One of the hallmarks of narcissistic hypocrisy is the conviction that others must follow the rules, obey the laws…everyone except them. My narcissistic ex-husband was a great proponent of this theory. And arrogant enough to actually tell me to my face! Other people had to follow the rules so that he would know what to expect from them. Other people should stop when the traffic light turns yellow so he can jump ahead of everyone else waiting at the intersection without getting hit; they should also wait a bit after the light turns green so he can run a red with impunity. For the narcissistic hypocrite, rules are made to be broken, but only by them.

Narcissism cannot exist without hypocrisy. In order to rationalize or justify the behaviours narcissists undertake in order to get their Nsupply, it is inevitable that at some point, they are going have to take the hypocritical way out. They will always find ways to justify themselves, even if it simply comes down to narcissism’s “I’m special” component.
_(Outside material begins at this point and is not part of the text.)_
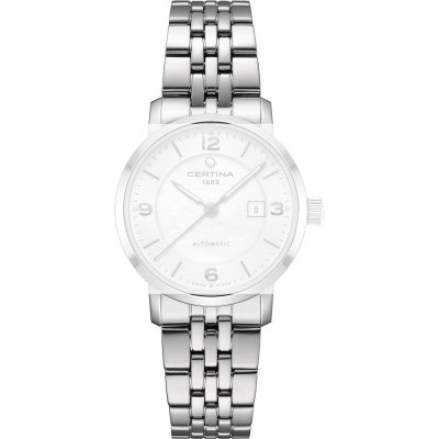 Esta bracelete de relógio Certina é feita de aço inoxidável e está fixada ao relógio através de pinos de pressão. A bracelete tem uma largura de 15 mm e fecha através de fivela butterfly com botões de pressão. A bracelete não tem uma montagem a direito, o que significa que esta bracelete só é adequada para os relógios listados abaixo.

When you engage with a narcissist, expect hypocrisy. Expect double standards not only in his personal life, but in his observations of the lives and activities of others. Unless you enjoy courting disappointment, don’t expect fairness from a narcissist, at least not fairness as you or I would define it. My ex-husband professed a belief in gender equality but when I asked him to do half of the housework (I worked a full-time job too), he refused on the grounds that he made more money that I did. My view was that we both were out of the house ten hours a day, counting the commute—I had no more time to do housework than he did, so while I fixed dinner (he couldn’t cook), would he do some tidying up or maybe clean the kitchen after dinner. His view was that until I earned as much money as he did (he was an engineer and I was a secretary) and therefore made myself his equal, he was exempt from household chores—but still he saw himself as a staunch supporter of equality of the sexes!

This kind of thing can drive a person with a normal brain to absolute distraction. Like gaslighting, it can make you feel crazy and unbalanced. It is deeply unjust, something that strikes as the heart of anyone who was cursed with a narcissistic parent and forced into the role of family scapegoat. And yet, if the narcissist’s hypocrisy is dragged out and cast at his feet, he would deny the hypocrisy, insisting that you are misunderstanding, misinterpreting, or simply making a mountain out of a mole hill.

You can’t win with hypocrites of any stripe, and you can’t win with a narcissist. Both are deeply invested in their hypocrisy, their mind games, their entitlements. To maintain your sanity, all you can really do is walk away—and stay gone.